#### Exercise directions:
Below this sentence is a listing; return exactly its lines from the one with "قاسم صدرالافاضل. [ س" to the one with "Single blue wave", both kept, and nothing more.
═══ Data for this task
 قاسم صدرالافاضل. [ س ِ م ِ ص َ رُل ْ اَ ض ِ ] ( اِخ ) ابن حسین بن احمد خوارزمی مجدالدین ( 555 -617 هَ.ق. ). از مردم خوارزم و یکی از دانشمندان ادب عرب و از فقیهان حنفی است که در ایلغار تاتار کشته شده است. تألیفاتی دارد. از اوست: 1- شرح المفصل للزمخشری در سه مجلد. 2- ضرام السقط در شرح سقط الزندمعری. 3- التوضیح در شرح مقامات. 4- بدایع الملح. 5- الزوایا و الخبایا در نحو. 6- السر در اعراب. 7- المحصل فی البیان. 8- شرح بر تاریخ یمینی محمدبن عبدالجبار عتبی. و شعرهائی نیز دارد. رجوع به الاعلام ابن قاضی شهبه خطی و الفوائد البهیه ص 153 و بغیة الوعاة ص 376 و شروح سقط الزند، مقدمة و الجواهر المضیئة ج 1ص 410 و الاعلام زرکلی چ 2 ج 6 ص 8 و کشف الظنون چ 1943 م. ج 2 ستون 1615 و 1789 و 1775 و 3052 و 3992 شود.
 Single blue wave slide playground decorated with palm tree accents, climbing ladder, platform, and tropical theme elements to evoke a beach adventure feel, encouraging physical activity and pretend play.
══════
═══ Data for this task
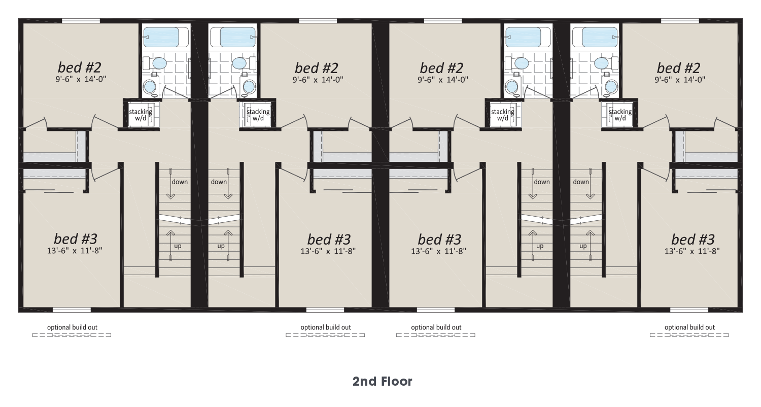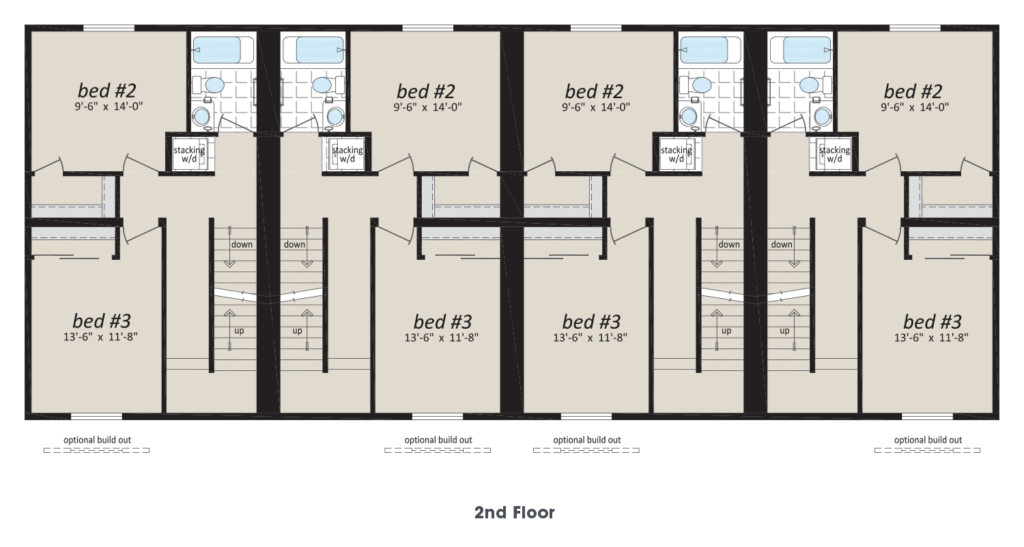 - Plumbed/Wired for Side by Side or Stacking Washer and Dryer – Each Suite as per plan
══════
#### Solution to this problem:
 قاسم صدرالافاضل. [ س ِ م ِ ص َ رُل ْ اَ ض ِ ] ( اِخ ) ابن حسین بن احمد خوارزمی مجدالدین ( 555 -617 هَ.ق. ). از مردم خوارزم و یکی از دانشمندان ادب عرب و از فقیهان حنفی است که در ایلغار تاتار کشته شده است. تألیفاتی دارد. از اوست: 1- شرح المفصل للزمخشری در سه مجلد. 2- ضرام السقط در شرح سقط الزندمعری. 3- التوضیح در شرح مقامات. 4- بدایع الملح. 5- الزوایا و الخبایا در نحو. 6- السر در اعراب. 7- المحصل فی البیان. 8- شرح بر تاریخ یمینی محمدبن عبدالجبار عتبی. و شعرهائی نیز دارد. رجوع به الاعلام ابن قاضی شهبه خطی و الفوائد البهیه ص 153 و بغیة الوعاة ص 376 و شروح سقط الزند، مقدمة و الجواهر المضیئة ج 1ص 410 و الاعلام زرکلی چ 2 ج 6 ص 8 و کشف الظنون چ 1943 م. ج 2 ستون 1615 و 1789 و 1775 و 3052 و 3992 شود.
 Single blue wave slide playground decorated with palm tree accents, climbing ladder, platform, and tropical theme elements to evoke a beach adventure feel, encouraging physical activity and pretend play.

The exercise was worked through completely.